Moreover several developments tracked Litecoin’s performance between random social spikes. Nevertheless, it also might not come as a shock since investors had constantly criticized other cryptocurrencies apart from Bitcoin [BTC] and Ethereum [ETH].
Traders prefer not to take sides
Unaware of the situation, Litecoin traders remained in a neutral position. According to data from the channel, the discovery rate of Litecoin on the Binance exchange was 0% as of December 17. Since it was neither positive nor negative, it did not imply any dominance between short and long positions.

Source: Santiment
In the case of its open interest, Litecoin traders appeared to have changed stance. As of December 17, 24-hour interest was mostly in decline. Data from Coinglass showed a decrease in attention to LTC on several exchanges. Therefore, Cramer’s opinion that no one was interested in the play seemed to have some justification.
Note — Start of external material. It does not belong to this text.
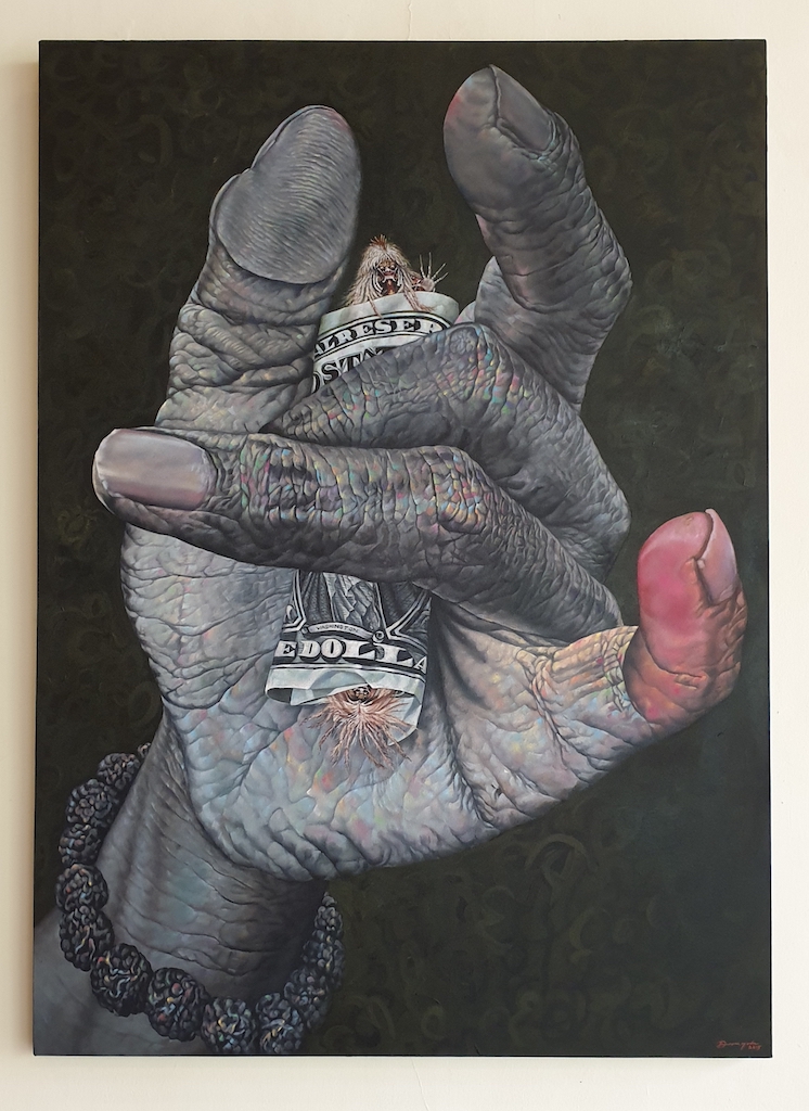 1 $ 2 Rangda, 2015, is rendered in dark and gloomy tones. Darma Yuda depicts a grey hand clutching a rolled American dollar note, from both the top and bottom of the bill protrudes the head of the wicked witch Rangda from the mythical Balinese Calonarang tale. Adorning the wrist is a prayer bead bracelet, while the hand is positioned akin to how a Balinese Hindu priest would clutch a ceremonial bell. The small finger detached is pointing up and outward; the tip is coloured red. “In taking a stand, when we are faced with many choices, sometimes when we behave in the grey,” said the artist who has been exhibiting extensively in Bali and Java since 1995. “We need to have a strong and firm attitude to achieve our goals; that’s why I rendered the little finger red.”

Upon further assessment of traders’ activity with LTC, the Derivatives Information Portal revealed that long-short ratio was 0.95. The indicator illustrates the amount of Litecoin available for short selling versus literally sold. Also, it serves as a measure for the projected expectations of investors.
At the time of this writing, LTC short was 51.32% while long was 48.68%. Since it turned out to be a low ratio, it indicated negative investor expectations.

Source: Coinglass
Now is the season to endure
Indications of the 30-day market value to realized value (MVRV) ratio have reflected massive declines in earnings for holders since November 23. Based on Santiment data, the MVRV ratio dropped to -13.44%. This status implied that Litecoin was in a bubble territory where he did not show certainty that the value of the coin was right or not.
Through its development activity, Litecoin has remained installed in its stable state since November 25th. At the time of writing on December 17, development activity was 0.05.
Therefore, Litecoin had not added any notable upgrades to its network. Nevertheless, the current market could be a bad season to conclude whether Litecoin will be wiped out or not.